Le problematiche connesse alla bassa natalità sono molteplici. Vi è innanzitutto l'insostenibilità economica del welfare. Senza un'alta percentuale di giovani le nazioni non crescono, non si sviluppano economicamente. Tutti i Paesi emergenti hanno una media di 30/32 anni d'età, mentre noi viaggiamo verso i 45 anni. Facile capire come in queste condizioni l'Italia possa restare al palo per decenni. Le cose cambierebbero se la politica sostenesse la natalità e la famiglia in genere: se si avesse la certezza di ricevere un aiuto da parte dello Stato, il 61% di coppie si dice pronta a fare più figli. Certamente, oltre ai bonus c'è la questione della copertura dei servizi legati all'infanzia. Il 67% delle famiglie denuncia che gli asili nido non sono sufficienti a rispondere alle loro esigenze, mentre le liste di attesa nei Comuni italiani sono chilometriche. La panacea renziana degli 80 euro è stata recentemente bocciata da un'indagine commissionata dal sito lavoce.info (autorevole, perchè era gestita dall'attuale presidente nazionale dell'Inps, Tito Boeri): il taglio fiscale ha infatti avvantaggiato le famiglie con due stipendi rispetto ai nuclei monoreddito, e favorito di più la classe media (50%) di quella povera (32%). Insomma, nel conteggio del bonus non si è calcolato il numero di figli a carico e i numeri di redditi disponibili.

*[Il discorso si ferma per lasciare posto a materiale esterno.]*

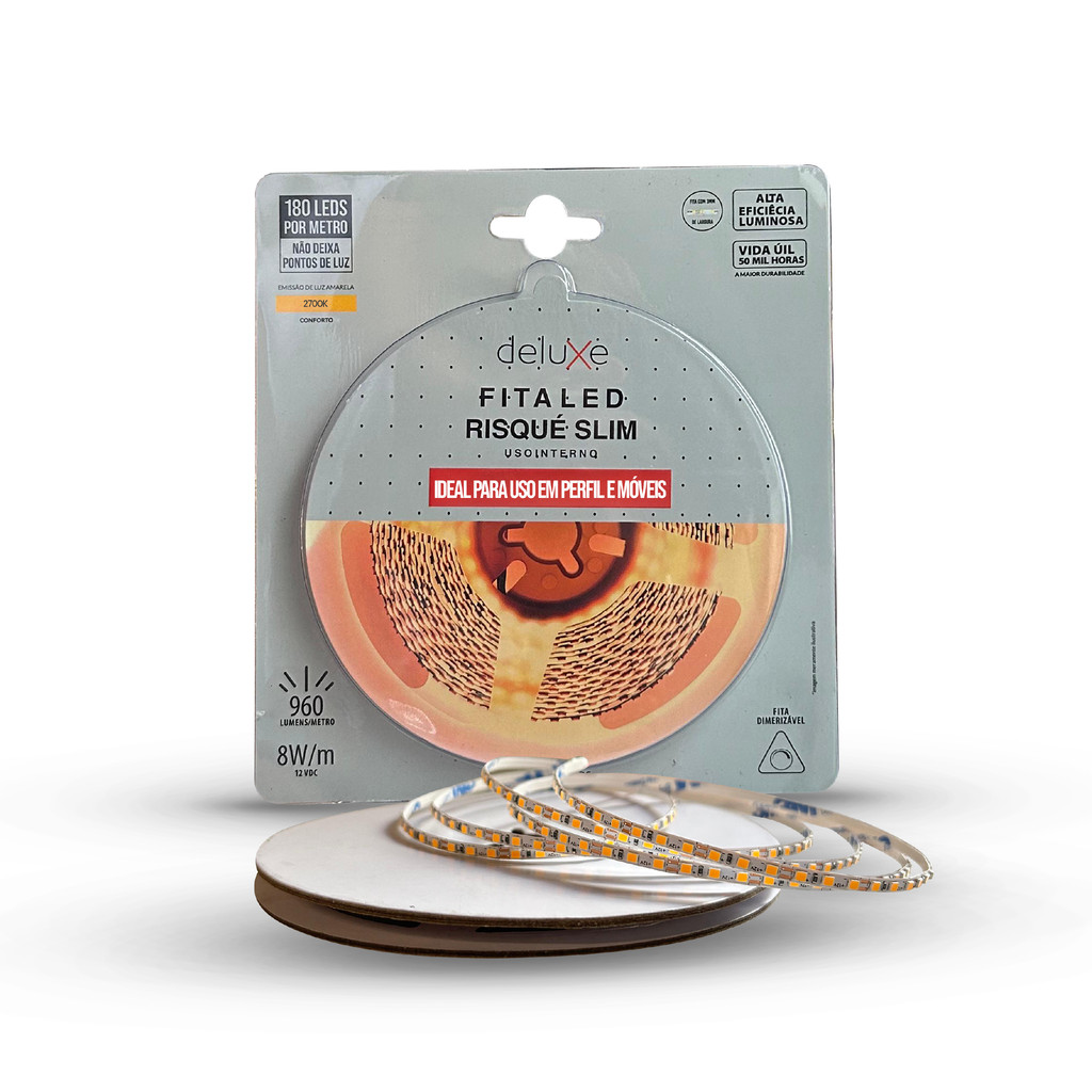 Fita Led Risque Ultra fina 3mm 8W 2700K 5m 12V Br Deluxe

Anche il Papa è intervenuto sull'argomento: Non è un caso che l'indice di povertà salga all'aumentare del numero dei figli: si passa da un 12% per le famiglie senza figli al 15,7% per quelle che ne hanno uno solo, fino a giungere al 28,5% per chi ne ha tre. Certamente i fattori migratori contano, ma è un dato di fatto che rispetto ai nostri principali concorrenti europei vi sia scarsissima attenzione parte del Governo all'argomento degli sgravi fiscali pro-natalità.

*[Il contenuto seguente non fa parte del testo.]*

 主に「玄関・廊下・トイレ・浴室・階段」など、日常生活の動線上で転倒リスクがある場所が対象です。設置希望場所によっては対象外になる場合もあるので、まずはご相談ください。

"La politica e gli amministratori pubblici fanno poco per la famiglia. Ora più fatti, lo chiede anche la Costituzione italiana. Sono sempre di più gli esempi dove il papà e la mamma hanno perso il lavoro — e questo è duro — e dove i giovani non riescono a trovarlo. Così le famiglie escono provate negli affetti più cari e sono tentate di arrendersi alla solitudine e alla divisione."

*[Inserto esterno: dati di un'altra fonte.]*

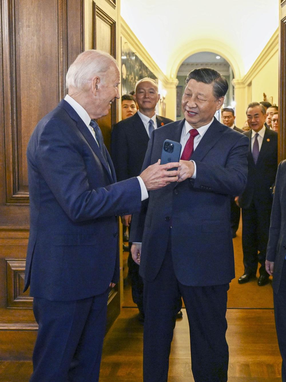 当地时间11月15日中午,美国旧金山郊外的斐洛里庄园,习近平主席结束同美国总统拜登的晤谈,出席拜登总统举行的宴会。这是拜登在手机上展示1985年习近平在担任正定县委书记时访问旧金山的一张照片。新华社记者 李学仁 摄

Come risposta, i dati Ocse hanno di nuovo elargito una doccia fredda al Premier, che continua a raccontare di un'inesistente Paese uscito dalla crisi: l'Italia è invece fanalino di coda insieme alla Grecia per la disoccupazione giovanile; il tasso di occupazione tra i 15 e i 29 anni è sceso infatti di quasi il 12% negli ultimi sette anni, il secondo peggior dato tra i Paesi Ocse, davanti solamente ad Atene. Per Renzi c'è ancora molto da fare, magari rinunciando a qualche conferenza stampa o a qualche comparsata in TV, per costruire invece delle leggi efficaci in materia, che in fondo basterebbe imitare dando uno sguardo ai nostri cugini d'Oltralpe.